As for the proportionality between the effects of the Committee’s decision on Me Doré’s freedom of expression and the objective of maintaining the integrity of the justice system, the Court also considered that it was satisfied, since the lawyer preserved his right to freedom of expression without, however, having the right to adopt injurious conduct.


Finally, the Court made the following remark with respect to the supposedly private nature of the letter:


“ [TRANSLATION ] The letter was written by a lawyer to a judge in an extension of a court case which had ended some hours earlier. Due to the status and functions of the parties involved, the author of the missive could not reasonably expect that the affair would end there and that the letter would remain confidential. […]


This last recourse of the appellant (the private nature of the letter) may perhaps justify a lesser penalty, but in my opinion, it has no effect on the decision on conviction as rendered.”(11)


CONCLUSION

Even outside the confines of the tribunal, a lawyer who believes he has been wronged by the manner in which a judge conducted himself toward him should opt to respond by lodging a complaint against this judge with the Judicial Council, and therefore the sanctioning of the judge by his peers.


A lawyer does have, as much as any other person, the right of exercising his freedom of expression. However, as with any other freedom, it is not an absolute right. A lawyer may not, therefore, in the name of freedom of expression, allow himself to proffer immoderate or caustic remarks to a magistrate.


Although the judgment of the Court of Appeal as well as the decisions of the lower courts in this case made no mention of it, it can be foreseen that a similar attitude on the part of a lawyer toward a judge will equally be sanctioned, even outside the context of a trial in which lawyers and judges interact. For example, if a lawyer composed an insulting letter to a judge to the effect that, in a given recent case, he had rendered a questionable judgment, it would equally constitute criticism lacking in moderation and dignity, directed against the justice system and one of its authority figures. In addition, the dreaded effect of the remarks addressed to the magistrate would no doubt remain, since the judge concerned would probably feel obliged to recuse himself should it happen that he was eventually called upon to preside before the lawyer who had thus criticized him.


FINAL REMARKS


It may seem surprising that a debate related to freedom of expression should be engaged solely on the basis of the Canadian Charter of Rights and Freedoms and not by virtue of the Québec Charter of Human Rights and Freedoms(12).
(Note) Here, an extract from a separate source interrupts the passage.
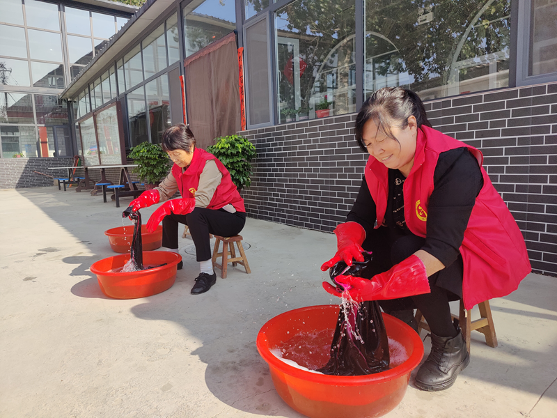 10月14日,石家庄市井陉县上安镇白王庄村新时代文明实践驿站爱心洗衣房志愿者在为老人洗衣。新华网 李然 摄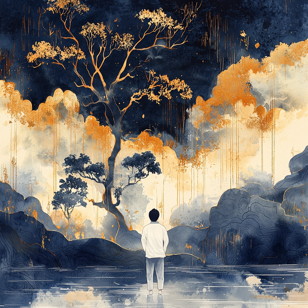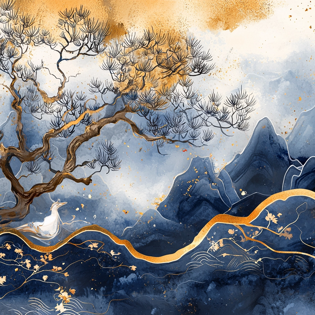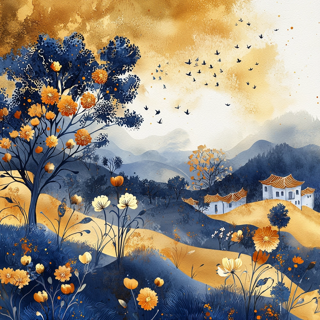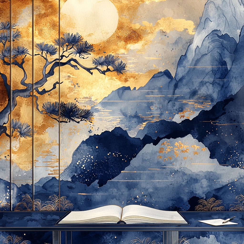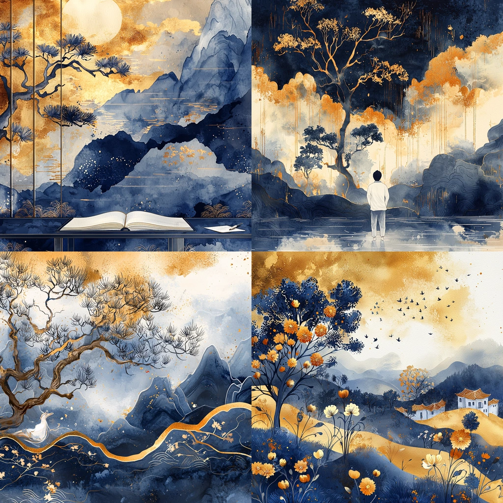 A harmonious balance of dark blue and gold hues with intricate compositions.

In fact, apart from the Professions Tribunal, which mentioned, but only in passing, that freedom of expression was recognized by both the Québec Charter and the Canadian Charter, the other tribunals which rendered decisions in this case seem not to have considered this Québec fundamental law in their reasons and Me Doré did not, apparently, include this Act in his argumentation.


However, the Québec Charter is no less complete that the Canadian Charter and applies in the province to issues that are purely private in nature and to affairs concerning the State.  Additionally, the Québec Charter is the quasi-constitutional governing statute in Québec.

 


Footnotes:

1. - 2010 QCC A 24.

2. - R .R.Q. c. B-1, r. 1.

3. - R .S.Q. c. C-26.

4. - Now known as the Bar’s Disciplinary Council.

5. - Part I of the Constitution Act 1982, being Schedule B of the Canada Act 1982 (U.K.), 1982, c. 11.

6. - Bernard v. Doré (January 18, 2006), 06-02-01652 (C.D.B.Q.) [decision on conviction]; Bernard v. Doré (July 24, 2006), 06-02-01652 (C.D.B.Q.) [decision on penalty].

7. - 2007 QCTP 152.

8. - 2008 QCCS 2450.

9. - Supra note 1 at para. 44.

10. - Ibid. at para. 48.

11. - Ibid. at para. 52-53.

12. - R.S.Q. c. C-12.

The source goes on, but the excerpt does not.